-- Data shown follows --

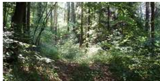
(natürliches Vorkommen der Zecken)

Zecken halten sich in allen Stadien in ihrem natürlichen Habitat am Boden, im Unterholz, an Sträuchern oder Gräsern auf, ehe sie sich wieder einen Wirt für die Blutmahlzeit suchen. Insgesamt dauert der Lebenszyklus einer Zecke zwischen 2 und 4 Jahre.
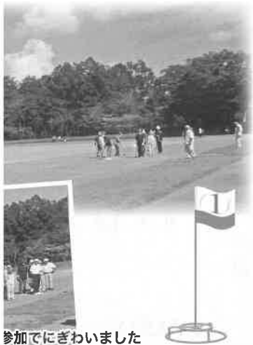
参加でにぎわいました
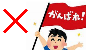
応援・観戦はお静かに

-- Data shown concluded --

## Exercise:
Tally the lines above that include "Zecken"; give only the tally.

## Solution to this exercise:
2